Not sure if you'll find this answer useful because it's going to be fairly general, and you may have to figure out how to adapt these ideas to React Native, but here are a few thoughts.

Don't try to find some universal commonality in the details of how shapes are manipulated, because these are all very different. You can't base your design on that.

I presume what you want, architecturally, is the ability to relatively easily extend the application with new shapes - without having to change things all over the codebase.

So, on a high level, think of it like this - for each shape, you need (1) a representation of that shape + (2) a UI for manipulating that shape. So what you want when adding a new shape is, ideally, to just define (1) & (2) - perhaps as a couple of new classes - and plug them into the existing application, without doing much else.

Another aspect that's helpful to consider, design-wise, is that your shapes play two distinct roles in the application.

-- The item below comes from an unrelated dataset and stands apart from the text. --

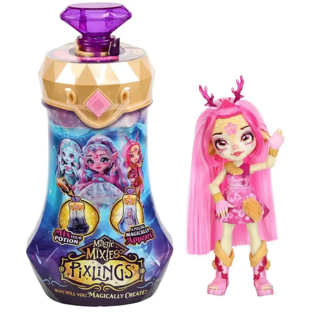 Seznamte se s Deerle, jednou z kouzelných panenek kolekce Magic Mixies: Pixlings, která s dlouhými růžovými vlasy a doplňky inspirovanými okolní přírodou přímo vystoupila z pohádkového lesa. Panenka Deerle stojí v centru kouzelného rituálu, kde děti vytvářejí kouzelný lektvar a s pomocí drahokamu ji vyvolávají z tajného skleněného světa. Dobrodružství na vás čekají!

One role is that of a drawable (or renderable). I.e., something that can be drawn (or, rather, knows how to draw itself). When the application needs to draw something, it doesn't need to know what it is, what shape it has, what are its logical properties. In the simplest case, it just needs to know that it has a draw() method (it can be asked to draw itself). Or in a more flexible alternative, a draw(graphicsContext) method - so that it can be told onto which surface it should draw itself (e.g., if you have several drawing surfaces, like the main canvas, and a preview of the shape in a shape picker). The graphicsContext parameter here is the object on which you can call primitive draw methods (I'm thinking of something like the HTML canvas object here). Or, if you are using SVG, draw() (or render()) could produce the appropriate SVG markup. In any case, it would be some variation of that idea.
This means that, to the component that governs the drawing, all these objects can look the same. It just needs a list of IDrawable-s.

The other role is that of an object being manipulated by a particular shape manipulation UI. In this case, each shape looks distinct, and supports a distinct set of methods. The question here is, when you detect a click on a particular shape, how do you determine the type of the shape, in order to instantiate the correct user interface.

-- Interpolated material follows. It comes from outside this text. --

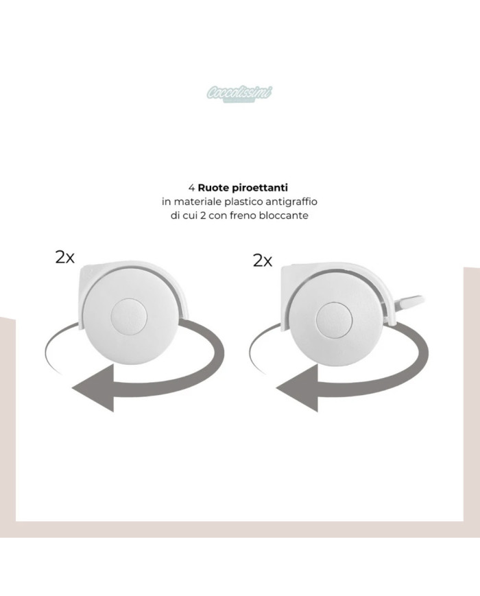 - 4 ruote piroettanti (di cui 2 con freno bloccante)
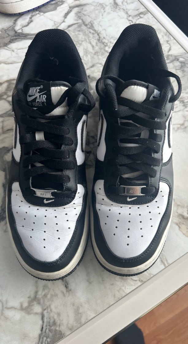 Nike Air Force 1 siyah beyaz spor ayakkabı, delikli burun kısmı ve markalı detaylarla klasik streetwear tarzı sunar.

One way to do it is to somehow query for the shape type (you could use some inbuilt type querying mechanism, or simply have a type-discriminating property on the shape), and then type cast as necessary.

But, you could do it in a different way. Let's think this through. You have the "canvas" - the workspace where the shapes are shown. The shapes need to be drawable and clickable/dragable. You have the UI area (say, a separate <div>) where you can inject the UI for manipulating the shape. The application doesn't need to know what the UI is, it just needs to be able to get it from somewhare, so that it can inject it and show it. What if the shape, when clicked, was able to provide this UI object?

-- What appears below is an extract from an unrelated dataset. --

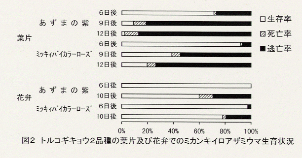 - 「ミッキーバイカラーローズ」と「あずまの紫」の葉及び花弁の切片(寒天培地上)で幼虫を室内(25℃)飼育すると、「あずまの紫」では生存率は低く、生育に不適と考えられる。「ミッキーバイカラーローズ」では生存率は比較的高く、葉での増殖が可能である(図2)。一方、花弁では両品種とも良好な生育を示す。
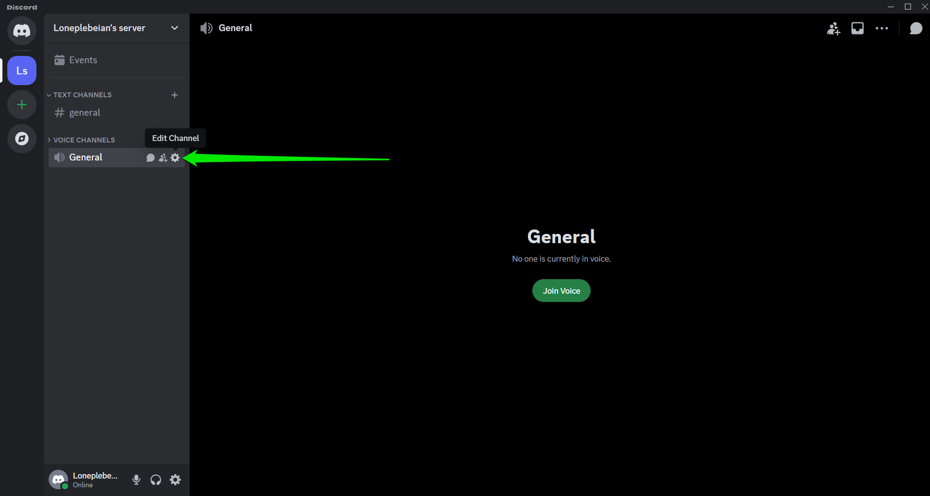 - Hover your mouse over the voice channel and click the settings icon. You can also right-click the voice channel and select Edit Channel from the drop-down menu.

So now you have something like this. The "shapes" that the application works with at a higher level are not necessarily your "raw" shape classes. Instead, it's a small component - an object that contains an underlying reference to the actual shape, can draw itself by drawing the shape, and can provide on-demand UI for manipulating the shape, since it knows what the type of the shape is. This kind of setup also enables you to "embellish" the shape when you draw it - e.g., you may want to indicate that the shape is active/selected, or put manipulation handles around it, etc.

The provided shape manipulation UI object is also self contained - a small smart control. It has the reference to the underlying concrete shape (basically, the shape is its state) - typed appropriately. The provider could inject the shape instance.

This could be summarized like this - it's by no means "the one true solution", but it's something to get you started thinking in a different direction:

Shape classes / data structures:

  • each represents a certain shape
  • aren't part of a hierachy

For each shape:

  • Shape Drawable component:

    • contains a specific shape
    • can draw itself - IDrawable
    • can provide shape-specific manipulation UI - IShapeManipulatorProvider
    • can handle clicks, certain user actions, etc.
  • Shape Manipulation UI:

    • has a reference to a specific shape instance
    • provides controls for manipulating that instance
    • since it changes the same underlying shape that's referenced by the Shape Drawable, the shape will be redrawn on the next update cycle

High level application:

  • has a list (or maybe a tree) of Shape Drawable components representing the state of the canvas
  • delegates drawing to them
  • when one of them is clicked, asks it to provide the manipulation UI for it; injects that UI at the appropriate place

Adding a new kind of shape to the application would consist of defining the three components (shape, shape drawable, shape manipulation UI), wiring them up, and plugging them in.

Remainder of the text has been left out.